WHEREAS, it is essential to the Company to retain and attract as
directors, officers and representatives the most capable persons available; and
WHEREAS, Indemnitee is a director, officer or representative of the
Company; and
WHEREAS, both the Company and Indemnitee recognize the increased risk
of litigation and other claims being asserted against directors, officers and
representatives of public companies in today's environment; and
WHEREAS, in recognition of the Indemnitee's need for substantial
protection against personal liability in order to enhance Indemnitee's continued
service to the Company in an effective manner, the Company wishes to provide in
this Agreement for the indemnification of and the advancing of expenses to
Indemnitee to the full extent (whether partial or complete) permitted by law and
as set forth in this Agreement, and, to the extent insurance is maintained, for
the continued coverage of Indemnitee under the Company's directors' and
officers' liability insurance policies;
NOW, THEREFORE, in consideration of the premises and of Indemnitee
continuing to serve the Company directly or, at its request, with another
enterprise, and intending to be legally bound hereby, the parties hereto agree
as follows:
1. Certain Defined Terms. As used in this Agreement, the following
terms shall have the following meanings:
(a) Change in Control shall be deemed to have occurred if (i)

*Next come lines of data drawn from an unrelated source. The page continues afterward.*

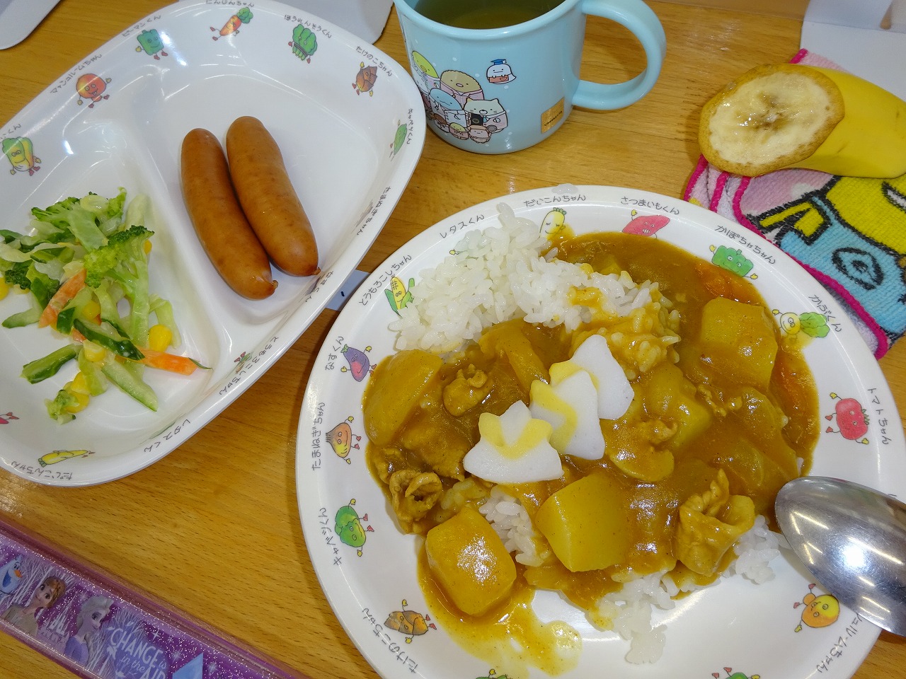 5月6日(金)給食 ・カレーライス(米・豚肉・じゃがいも・玉ねぎ・にんじん・かまぼこ) ・コールスローサラダ(キャベツ・ブロッコリー・きゅうり・にんじん・コーン) ・ウインナー ・バナナ
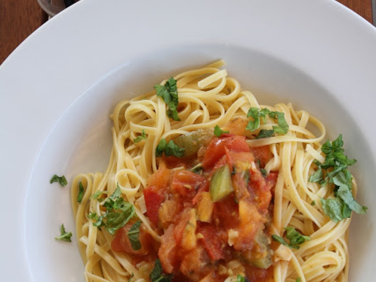 5 gehackte Tomaten, entfernen Sie das Gebräu. Kochen Sie die Pasta. - Das Olivenöl in einer Pfanne und braten Sie den Knoblauch und Zwiebeln darin. Fügen Sie die Tomaten, Saison mit 1 Prise Zucker, ablöschen mit etwas Weißwein und kurz köcheln lassen.
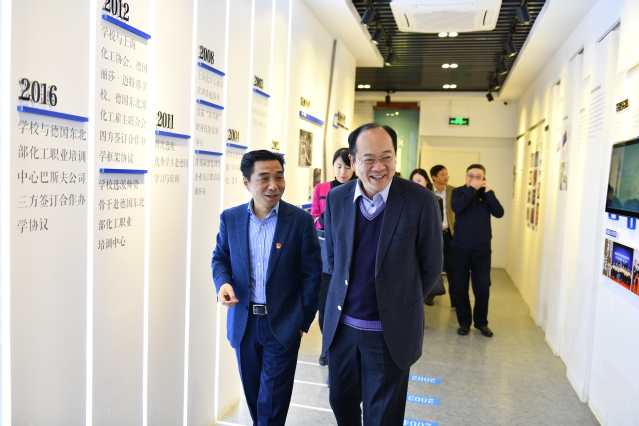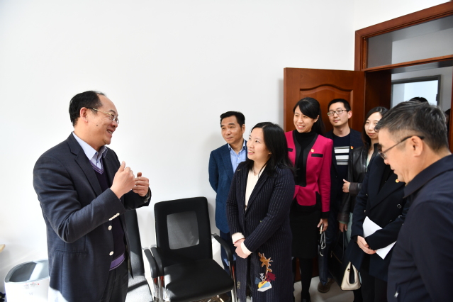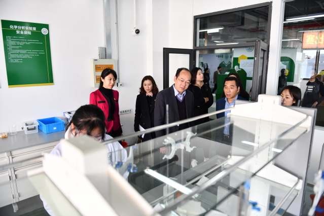 周建军一行参观了校史陈列馆与化工综合实训大楼。林国新向周建军一行介绍了学校办学历程、校企合作、德育工作、教学工作等学校整体情况。周建军饶有兴致地观看了学生实训授课情况,并对学校教育教学工作表示肯定。
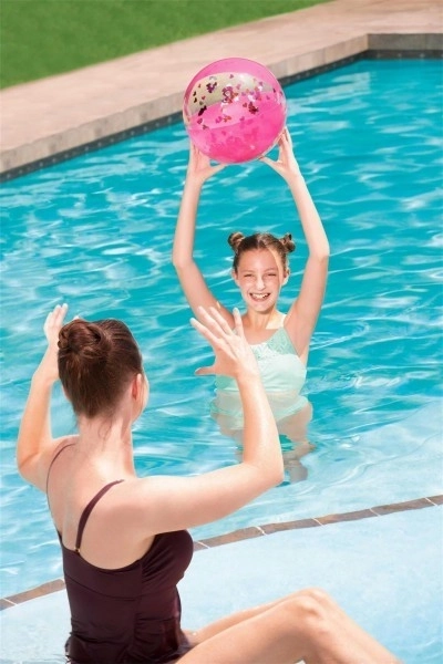 Elegant brokat strandbold Bestway bringer masser af sjov i fritiden. Denne gyldne bold er fyldt med glitrende brokat, som hvirvler og glimter glædesfyldt under legen.
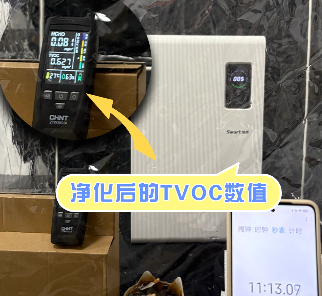 PART3:拾梧FW01壁挂式空气净化器真实测评拾梧FW01真实测评维度1:TVOC净化测试
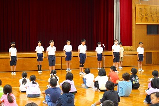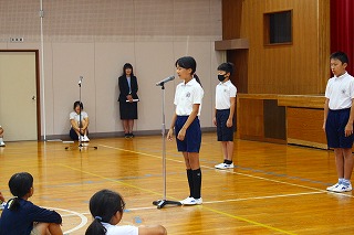その後、前期と後期の児童会役員の交代式を行いました。前期児童会役員は一人ずつ堂々と挨拶をして、それを受けて後期会長が代表で挨拶をしました。
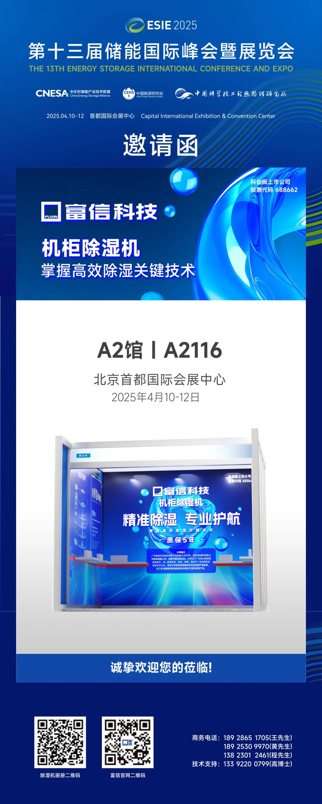 由中关村储能产业技术联盟等主办的第十三届储能国际峰会暨展览会(ESIE 2025),4月10日至12日在北京首都国际会展中心开幕,富信科技诚邀您莅临!
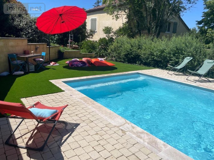 La piscine aux dimensions 8x4 prend place à côté de la terrasse.
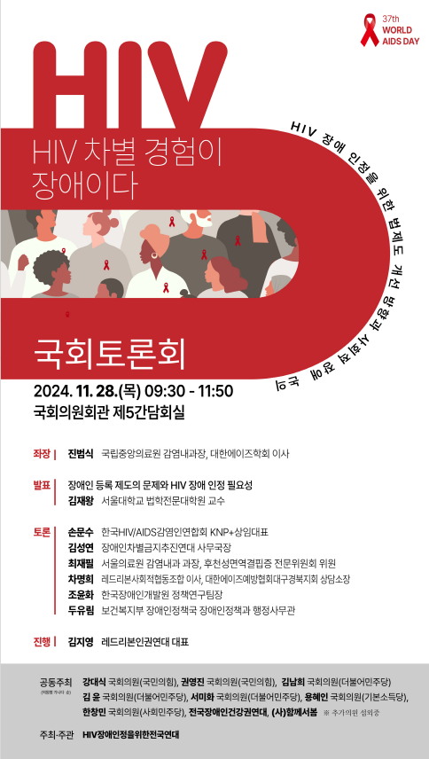 제37회 세계에이즈의 날을 기념하여 장애인 정책의 제도권 밖에 존재하는 HIV 감염인의 다중적이고 교차적인 차별의 경험을 알리고, HIV 감염의 장애 인정을 위한 법제도 개선 방향과 사회적장애를 논의하고자
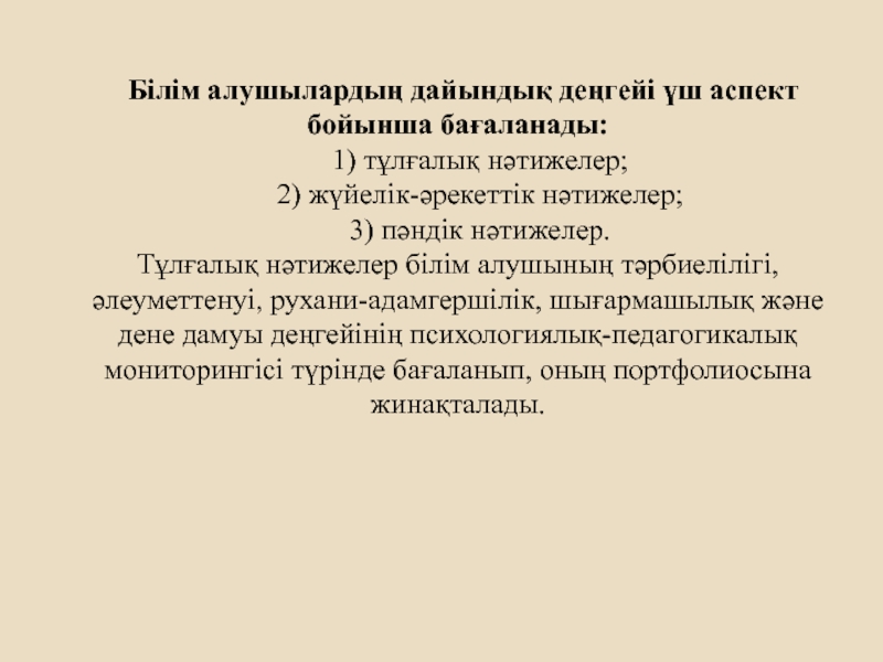 Слайд 9 Білім алушылардың дайындық деңгейі үш аспект бойынша бағаланады:
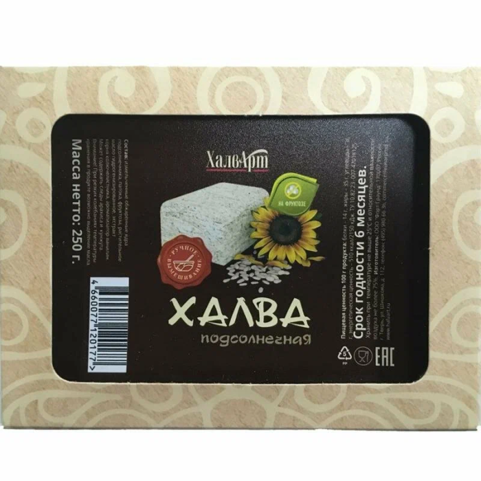 Халва подсолнечная на фруктозе этотрадиционное сладкое лакомство, приготовленное из натуральных ингредиентов. В составе отсутствуют синтетические вкусо-ароматические добавки, а сахар-песок заменен на фруктозу. Аккуратные брусочки халвы упакованы в коробку с вкусным дизайном
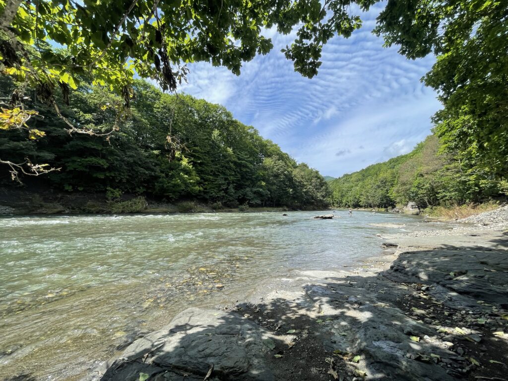そして本番!川の上流部に行ってオショロコマを狙います。そんなに遠くへ飛ばさなくても大丈夫!美しい流れで美しいオショロコマを釣ってみましょう!
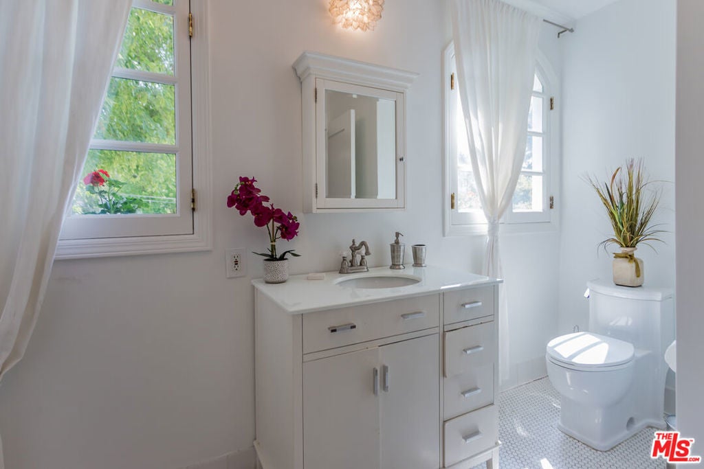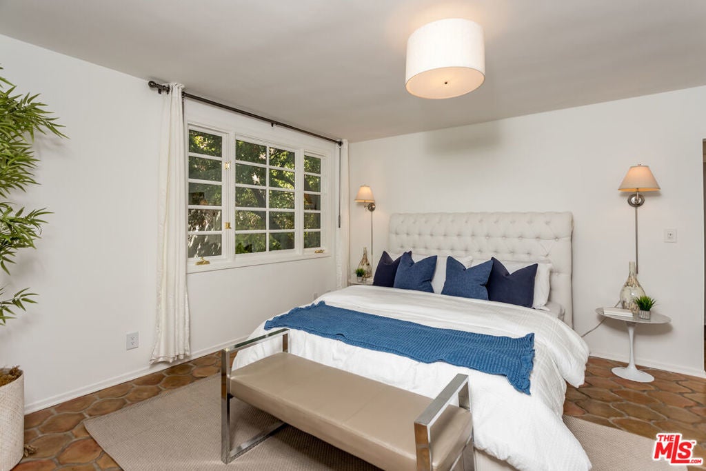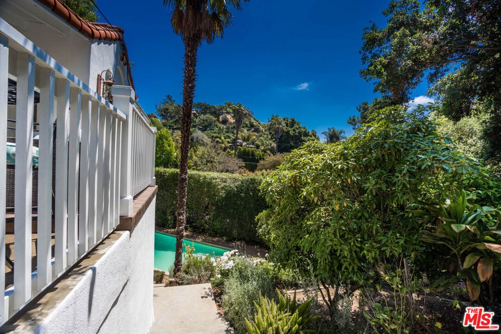 Tucked behind tall hedges on a quiet, elevated cul-de-sac, this 1925 Spanish Colonial Revival blends timeless character with modern comfort on an exceptionally private, expansive lot. Sunlight pours through graceful, floor-to-ceiling arched windows, illuminating a living room anchored by a classic period fireplace and opening to a charming front courtyard, an ideal spot for morning coffee or golden-hour gatherings. The layout features 5 bedrooms and 3 baths, plus a flex bonus room perfect for an office or creative studio. The main-level primary suite offers a walk-in closet and a sleek, updated bath with an oversized shower and dual-sink vanity. Everyday living is effortless with a dedicated laundry room and plentiful storage, including two cellar spaces. Out back, resort vibes take over: a saltwater pool sits amid lush landscaping with hillside outlooksmade for entertaining or a quiet retreat. The property's siting and mature greenery deliver exceptional privacy rarely found in the Hills. Adding to its rarity, this home includes an additional adjoining lot, creating an enormous estate with endless possibilities; expand, build a guest house, or craft your dream outdoor sanctuary. All of this in the sought-after Hollywood Hills pocket, moments to hiking trails, canyon roads, and city conveniences. Images are from when the home was previously listed and do not depict its current condition.

any "person" (as such term is used in Sections 13(d) and 14(d) of the
Securities Exchange Act of 1934, as amended), other than a trustee or
other fiduciary holding securities under an employee benefit plan of
the Company or a corporation owned directly or indirectly by the
stockholders of the Company in substantially the same proportions as
their ownership of stock of the Company, is or becomes the "beneficial
owner" (as defined in Rule 13d-3 under said Act), directly or
indirectly, of securities of the Company representing 20% or more of
the total voting power represented by the Company's then outstanding
Voting Securities without the prior approval of the Board of Directors,
or (ii) during any period of two consecutive years, individuals who at
the beginning of such period constitute the Board of Directors of the
Company and any new director whose election by the Board of Directors
or nomination for election by the Company's stockholders was approved
by a vote of at least two-thirds (2/3) of the directors then still in
office who either were directors at the beginning of the period or
whose election or nomination for election was previously so approved,
cease for any reason to constitute a majority thereof, or (iii) the
stockholders of the Company approve a merger or consolidation of the
Company with any other corporation, other than a merger or
consolidation which would result in the Voting Securities of the
Company outstanding immediately prior thereto continuing to represent
(either by remaining outstanding or by being converted into Voting
Securities of the surviving entity) at least 80% of the total voting
power represented by the Voting Securities of the Company or such
surviving entity outstanding immediately after such merger or
consolidation, or the stockholders of the Company approve a plan of
complete liquidation of the Company or an agreement for the sale or
disposition by the Company of all or substantially all the Company's
assets.
(b) Claim shall mean any threatened, pending or completed
action, suit or proceeding, or any inquiry or investigation, whether
conducted by the Company or any other party, that Indemnitee in good
faith believes might lead to the institution of any such action, suit
or proceeding, whether civil, criminal, administrative, investigative
or other.
(c) Expenses shall mean all costs, expenses (including
attorneys' fees) and obligations paid or incurred in connection with
investigating, defending, being a witness in or participating in
(including on appeal) or preparing to defend, be a witness in or
participate in any Claim relating to any Indemnifiable Event (including
all interest, assessments and other charges paid or payable in
connection with or in respect of any of the foregoing).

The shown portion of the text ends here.